Passing farms onto the younger generation was still one of the main succession plans though it was becoming less common and making it fair to non-farming children could be tricky. PHOTO/GIANINA SCHWANECKE
GIANINA SCHWANECKE
For some farmers, the thought of having to divvy up their life’s work or planning to sell on to strangers can be a daunting, blocking them from planning properly for their futures.
But succession planning doesn’t have to be an intimidating process says John Murray from PGG Wrightson.
“It’s very personal. It’s a real deep thing for [farmers] to get their heads around,” he said.
“It’s sometimes put on the back burner because it’s too hard.”
There was a lot of pressure for them to figure out what to do with the farm and how to look after their families, he said.
“Once a plan is in place, it takes the weight off their shoulders.”
Earlier this year, he ran a seminar about farm succession planning, hoping to get people thinking about their options.

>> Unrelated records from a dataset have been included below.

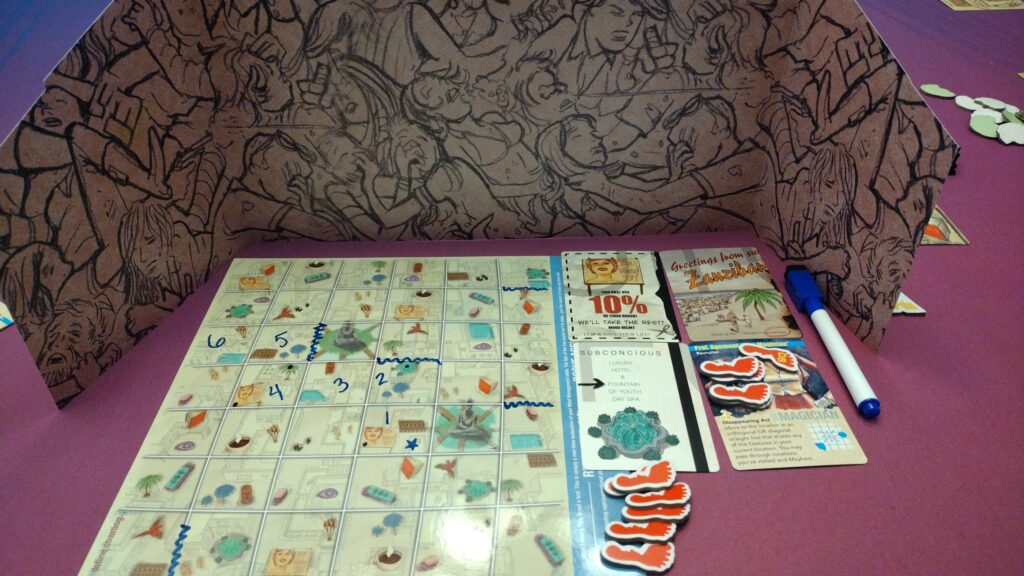 Hidden Movement – The recruiter is secretly moving around the game board (marking movement on their hidden sheet) and the rogue agents are attempting to figure out where the recruiter is in order to use the “capture” action while in the same spot as them.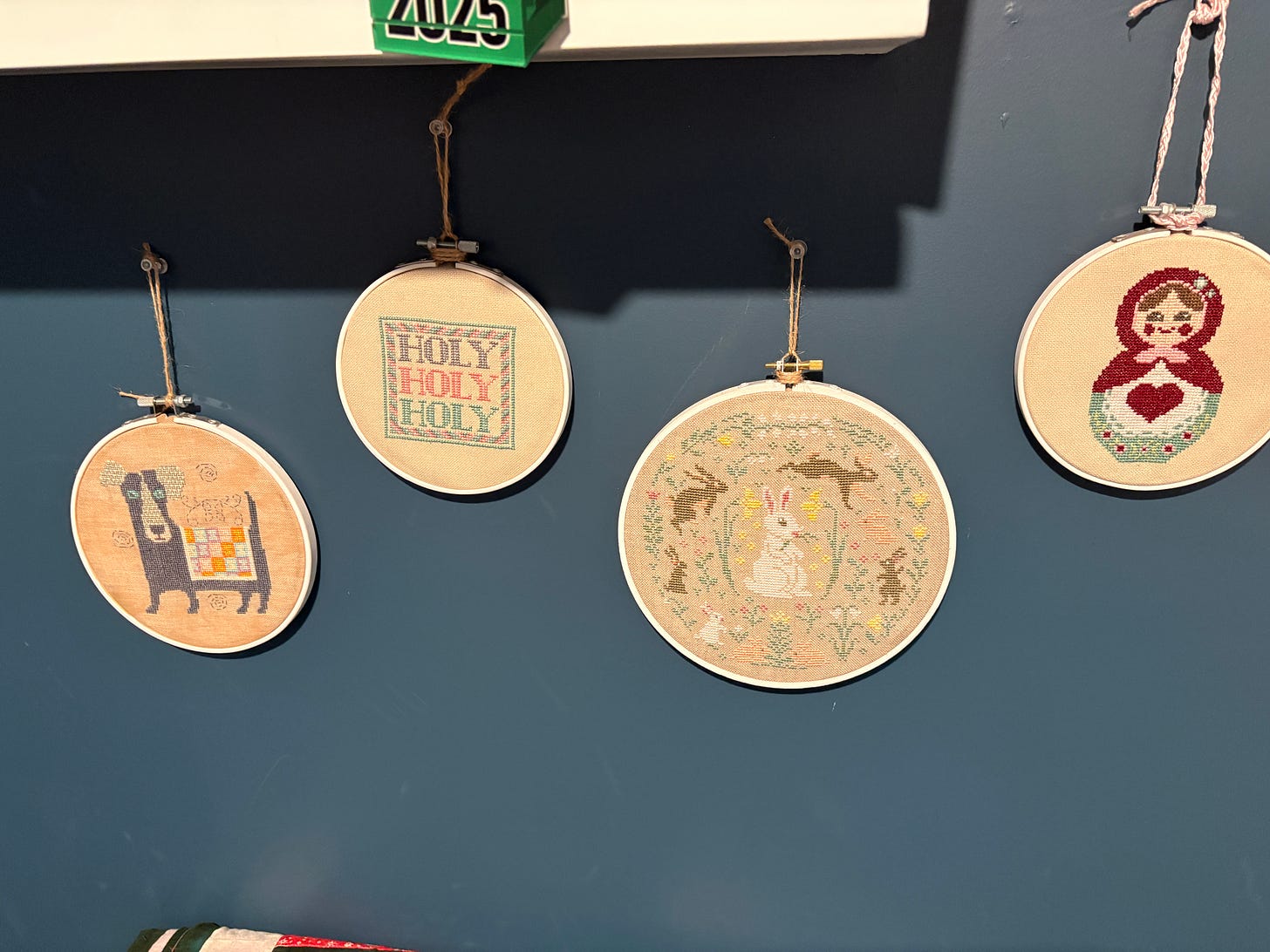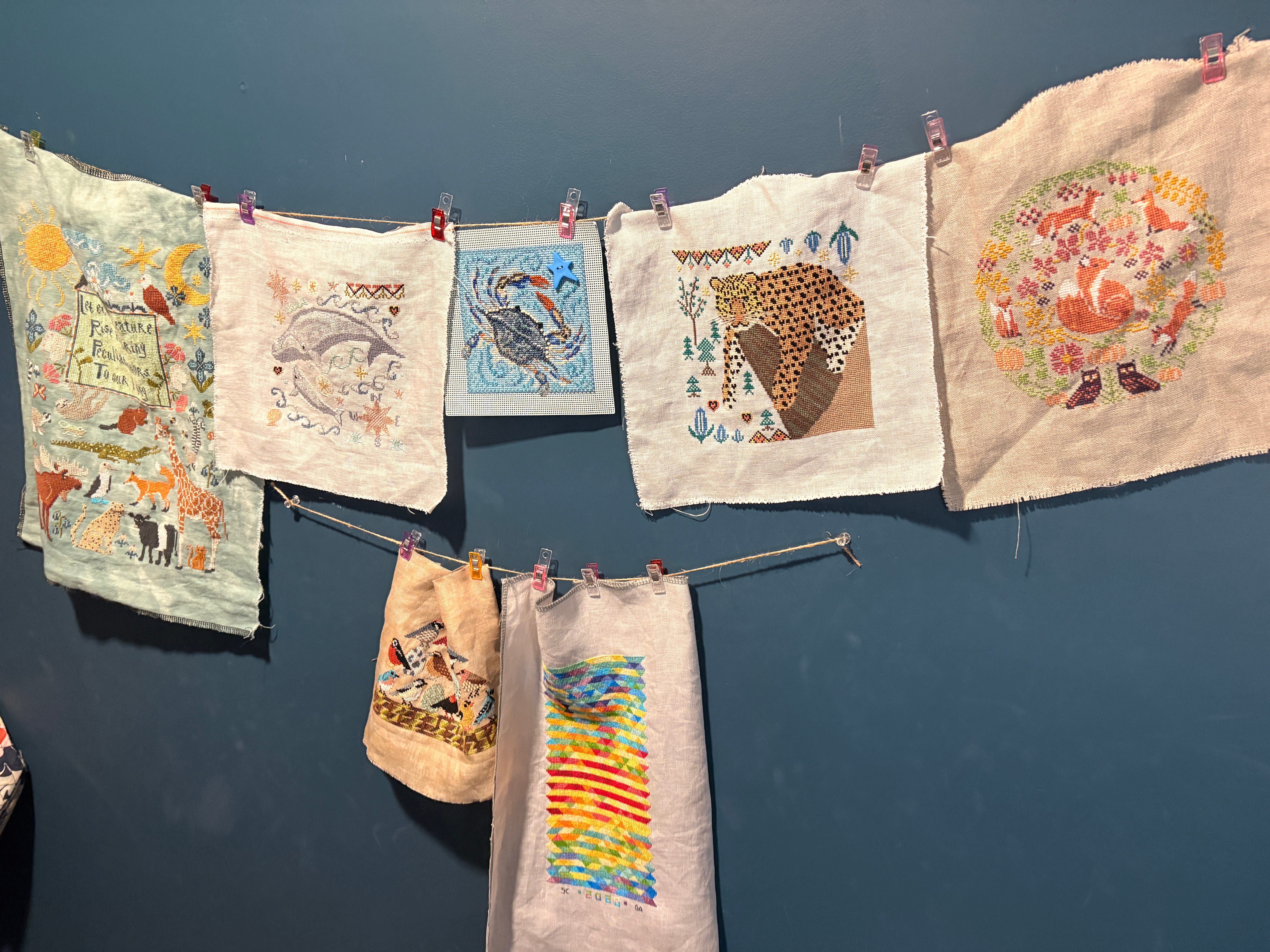 This is my makeshift gallery of some of my cross-stitch finishes that I need to frame or do something with. I have about 25 other pieces in a box that I also need to do something with, but these are currently hanging up so I can enjoy them while I continue to not do anything else with them.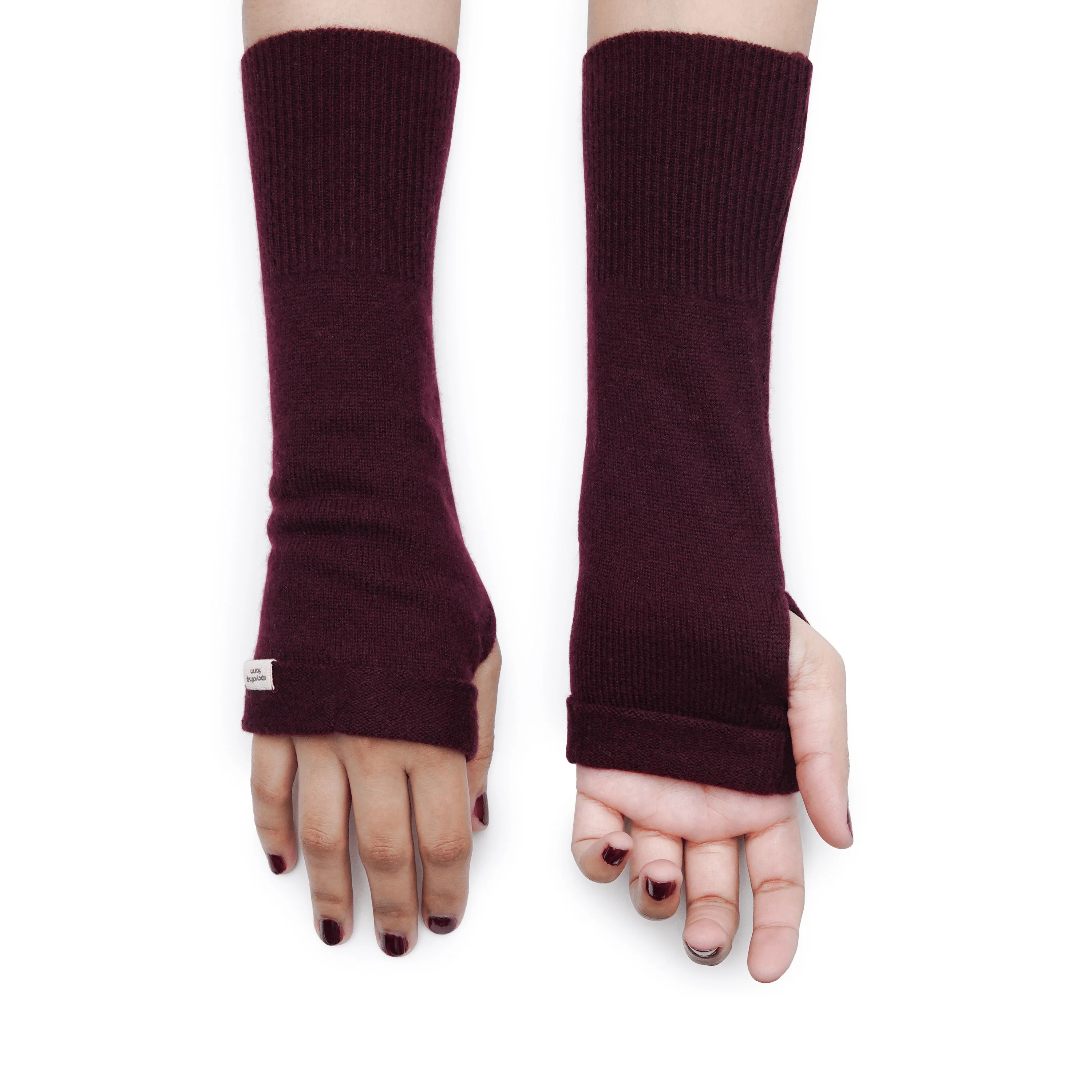 Elegant and grounded, the Burgundy Wine gloves bring warmth in a deep burgundy tone that feels both classic and refined. The soft knit drapes comfortably along the arms, creating a clean silhouette with a subtle sense of richness. Their color adds depth without overpowering, making them easy to style across seasons.
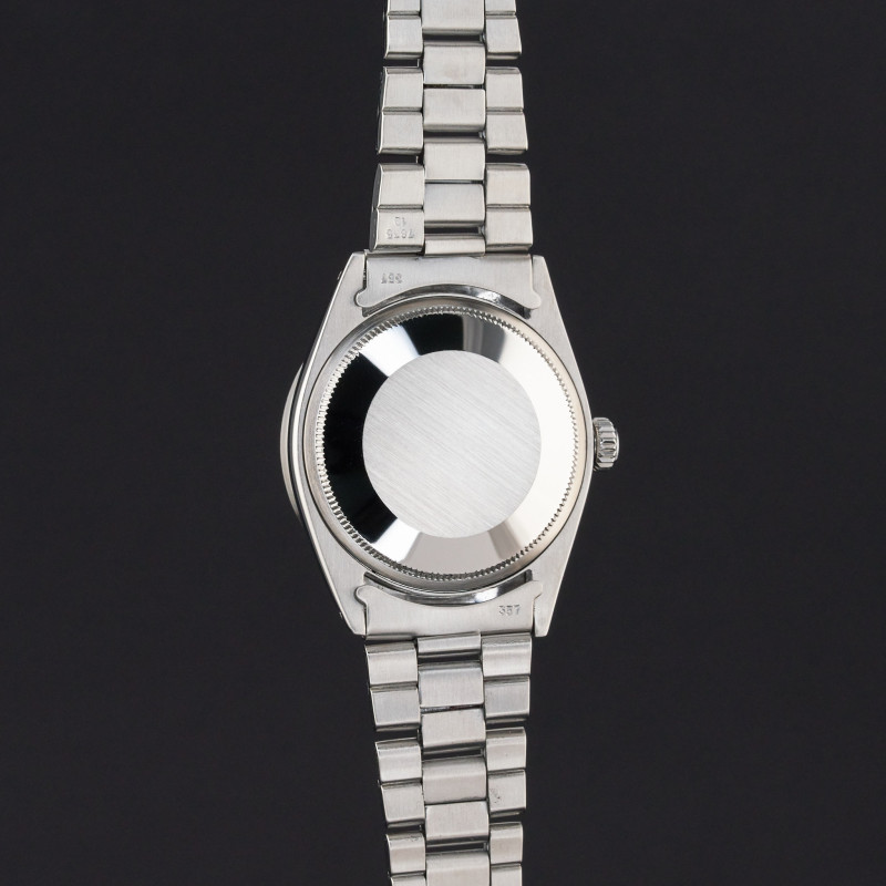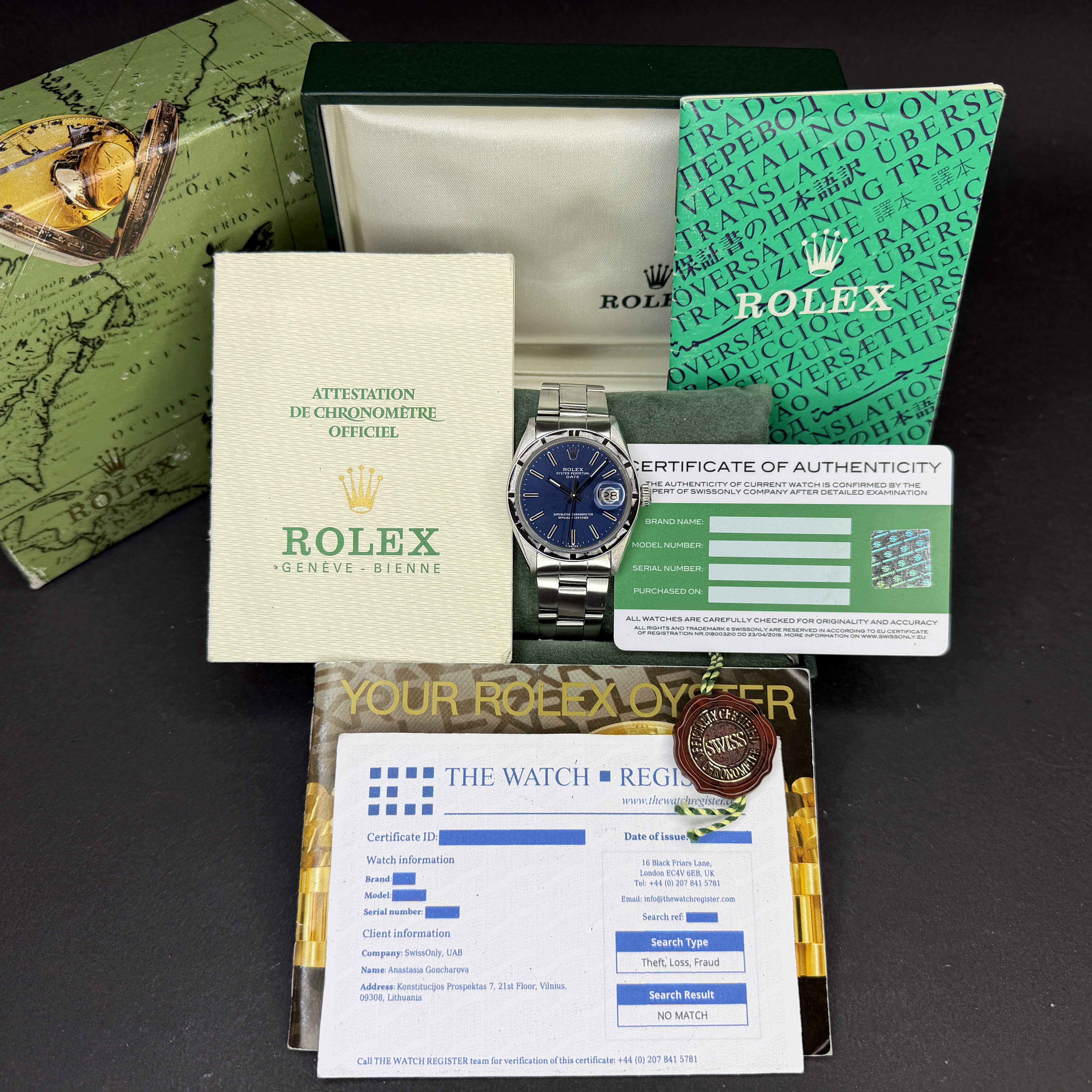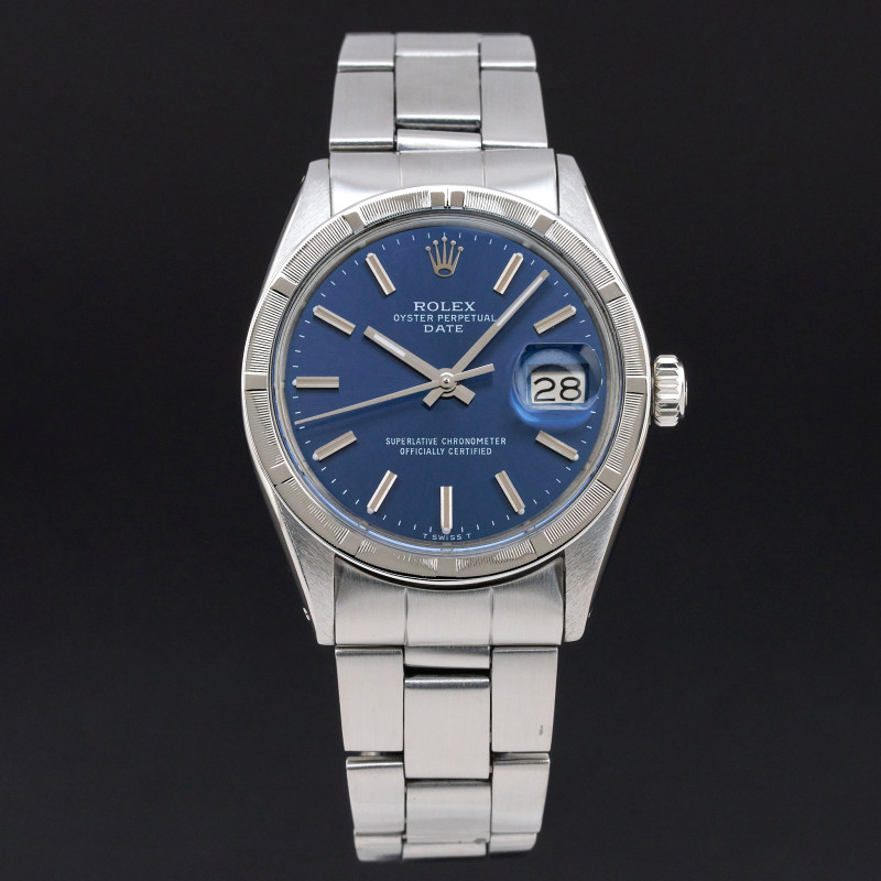 This Rolex Oyster Perpetual Date 1501 features a Blue dial and is crafted from stainless steel, with a production year of 1970.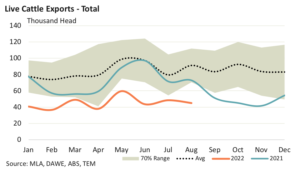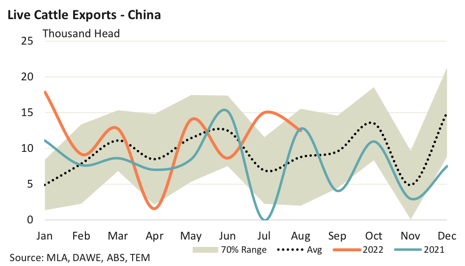 At least China continues to export levels above the average trend with 12,491 head registered exported over August. Despite the August volumes easing nearly 17% the current trade to China sits 42% above the five-year average for August.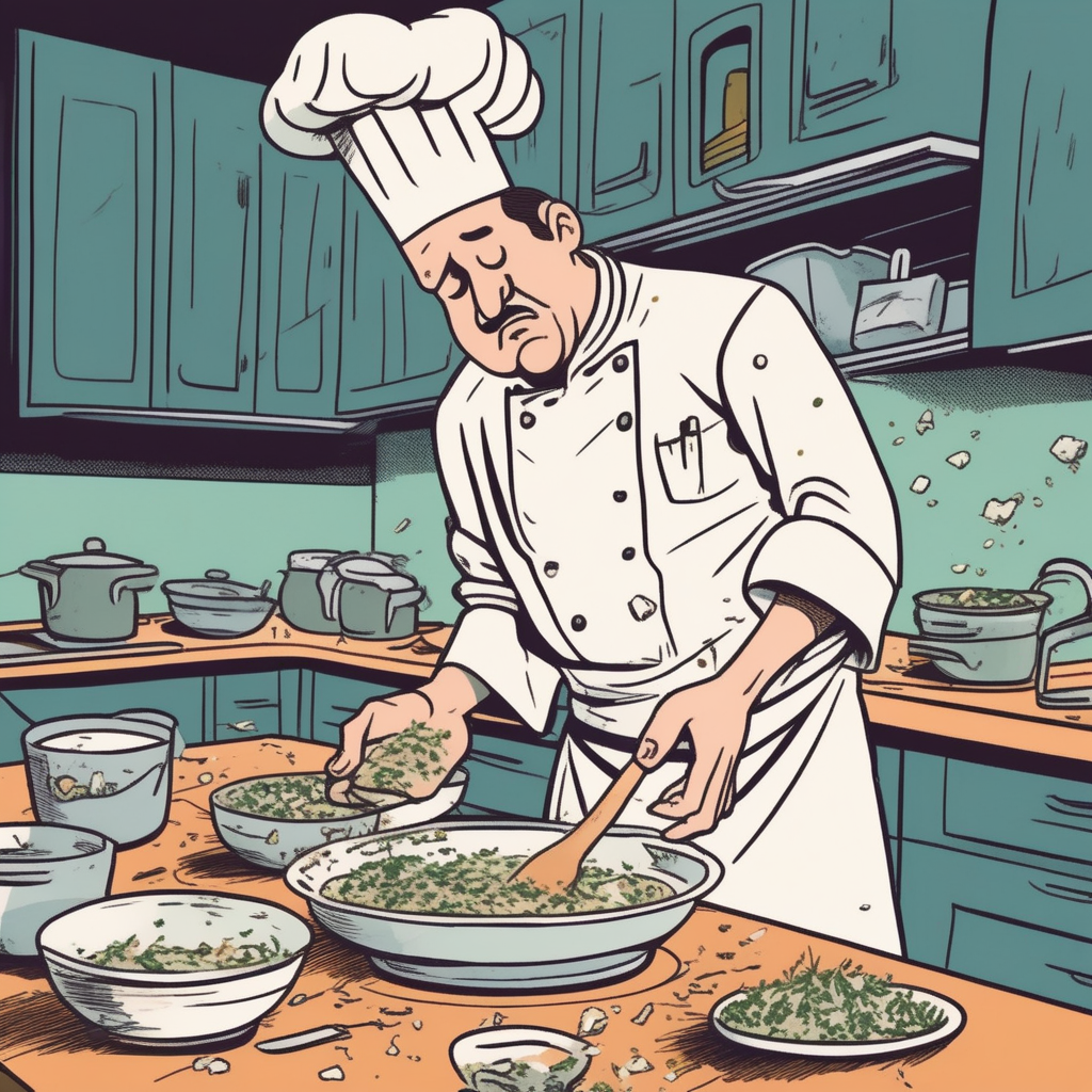 서둘러 요리하다, 허브는 뭉개지고 부스러기만 털어내네!

“It’s never too early to start. Farmers might think they are miles away from handing the farm over.”
Murray said farmers needed time to get things in order and make sure the farm is in good condition.
“You want to be able to present your farm as a Monday morning farm, so a new owner can see there is nothing to do but untie the dogs on a Monday morning and start farming.”
There were a number of options available to farmers, he said.
Selling or leasing the farm were common options, though preparing the property for a quick sale or maintaining its quality over a lease could be difficult.
Equity partnerships had become more widely used in the last 15 years.
“It gives farm owners the opportunity to bring young people into the farm with energy and enthusiasm.”
This was a good thing, he said, as the average age of farmers continued to rise, and young people were finding it more difficult to enter the industry let alone buy a farm of their own.
“It comes with its challenges like any partnership.”
Passing farms onto the younger generation was still one of the main succession plans though it was becoming less common and making it fair to non-farming children could be tricky.
Having an exit strategy in any event was important, and that’s what succession planning involved, he said.
“It might be a big, personal thing.
“It’s just a matter of going through steps and working with the right people.”
Geordie McCallum, from Wairarapa Property Consultants [WPC], spoke at the seminar and agreed that farm succession planning was a very personal thing.
It could also be quite complicated.
“It brings a number of processes into one,” he said.
“You have transition of labour on the farm as the retiring generation step themselves out of operating as the next generation learn the skills and work their way up.
“You’ve got retirement which is a challenging process for people making the move from working life.”
It was a careful balancing act between often contrary needs, he said.
“When you’re dealing with farms, you’re dealing with a big chunk of capital which comes with a big set of expectations.
“The farm has still got to be viable while making provision for the retiring couple. You’ve also got to make sure there’s something in it for all the other members of the family who aren’t farming.”
Deciding how to do this came with no simple or easy answers, he said.
It required everyone involved sitting around the table and understanding not just what the plan is, but why and how we’ve got to that place.
“A good farm business transition and succession plan transfers the management and sometimes the ownership of a business from one generation to the next, while maintaining family relationships and enhancing business performance.”
McCallum said to start with trusted advisors, like farmers’ regular farm consultants, accountants or bankers.
Succession planning was also important for younger generations of farmers, as pathways to farm ownership are difficult, he said.
“There are opportunities and some that are better today than in the past. It has always been a challenge to get into farming and stay in farming.
“Once upon a time with sheep and beef, you might have shorn your way or leased your way into a farm. There are not as many lease opportunities.
“The amount of capital required to buy a farm are also much more than the average person can earn.”
Equity partnerships provided a steppingstone which bridged these needs, he said.
“There was a need for people to find their way into ownership and on the other side there was a need for people to manage their farms without direct involvement.”
The seminar also focused on wellbeing as farms and their owners transitioned.
It was important for farmers to find interest outside of the farm and look at their own wellbeing, Murray said.
Sarah Donaldson from the East Coast Rural Support Trust said open communication was also important.
“Keep communication going clear and strong right through the process.”
She said it was good to pace the process and break it down into stages, so everyone had a clear idea of what was happening.
Matt Hood, senior rural manager at Rabobank Masterton, said succession planning required long-term thinking.
Having a plan for the end game was important too, he said.
“When the parents retire from active farming, they need somewhere to live, something to live on, and something to live for.”